Por Renato Marques
É quaresma! Tempo sagrado de estadia no deserto, no monte, na noite. Tempo necessário para percorrer um caminho, para poder chegar à liberdade plena de todos os nossos pecados e faltas. Muitos param no tempo sem compreender que não se pode aproximar de Deus sem passar um longo “período de quarentena”, para contemplar o rosto luminoso de Deus.
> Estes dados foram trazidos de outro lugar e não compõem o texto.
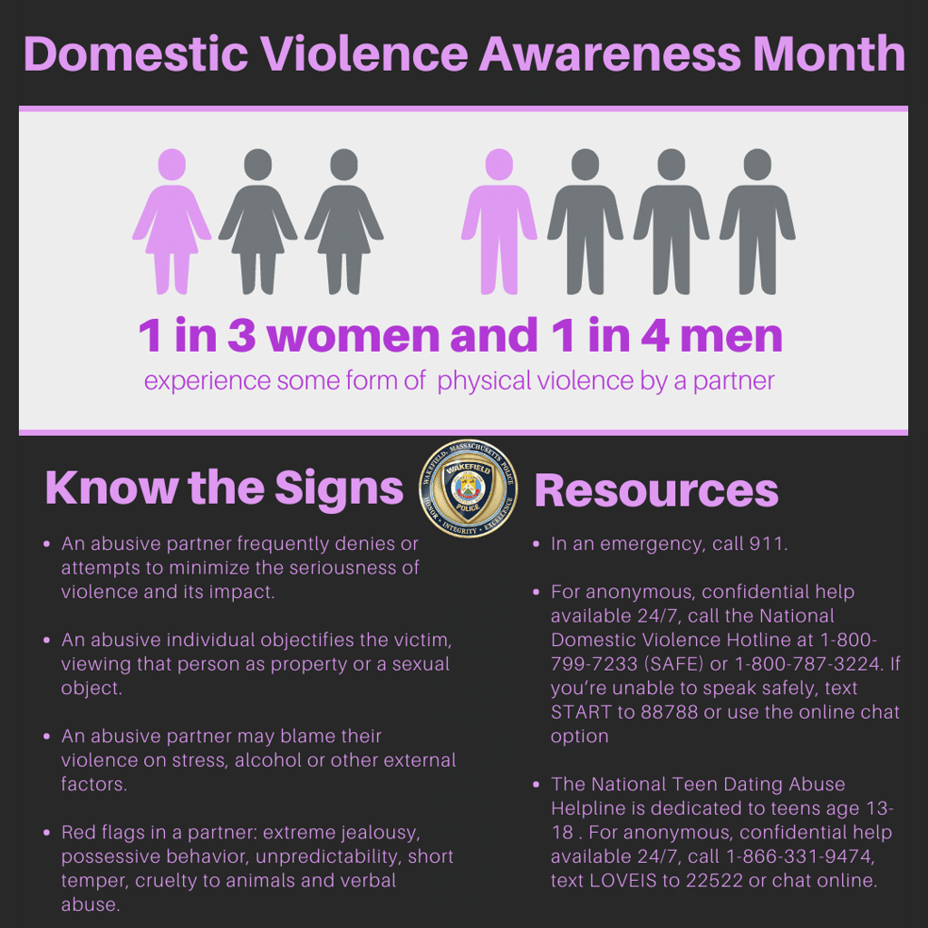 WAKEFIELD — As part of National Domestic Violence Awareness Month, recognized each October, Chief Steven Skory and the Wakefield Police Department wish to share warning signs, resources and services for those who may be experiencing domestic violence.

Jesus é conduzido ao deserto e passa quarenta dias. É bom ver que o Espirito o levou para ser tentado, o tempo favorável chegou para que Ele saísse vitorioso da tentação e iniciasse o seu ministério de anúncio da boa nova. A quaresma é também uma preparação; são quarenta dias de preparação, de conversão e penitência, da “passagem do pecado para a vida”, que se revela no acontecimento Pascal.
Quaresma é tempo de conversão! Tempo de mudar de vida. Muito se fala de conversão e pouco se vive, mas a quaresma é tempo oportuno para entrar em um processo verdadeiro de conversão, que não acontece somente em um dia, uma semana ou quarenta dias, mas deve acontecer constantemente.
Quaresma é tempo de penitência e de purificação. Hoje não deve ser entendida como vemos em alguns filmes ou escutamos algumas pessoas falarem, como sinônimo de sofrimento do próprio corpo ou dos outros, mas de algo que nos aproxima de Deus e dos irmãos. Eis o tempo favorável! Fazemos jejuns, penitencias e orações, mas anos passam e novamente voltamos à estaca zero. A exemplo de Jesus é preciso levar a sério a proposta da Sagrada Escritura, não ficar somente em busca de milagres e falsas promessas de prosperidade.
É tempo de amar e perdoar, é um tempo de graça, um sacramento; somos chamados a viver a nossa purificação. É preciso nos preparar para irmos ao encontro de Deus. Passemos, pois pelo deserto de nossa vida, na confiança de que Deus está conosco, agindo pelo seu Espirito de amor. É no deserto que devemos experimentar a nossa fragilidade humana e sentir tentados por tantas realidades que nos afastam de Deus. Não podemos deixar ser vencidos pelo prazer, pelo ter e pelo poder. É preciso enfrentar o deserto da vida e defrontar com o diabo para sairmos vitoriosos, assim como Jesus. Só assim podemos anunciar a boa nova e nos tornarmos mais sensíveis às realidades em que estamos inseridos.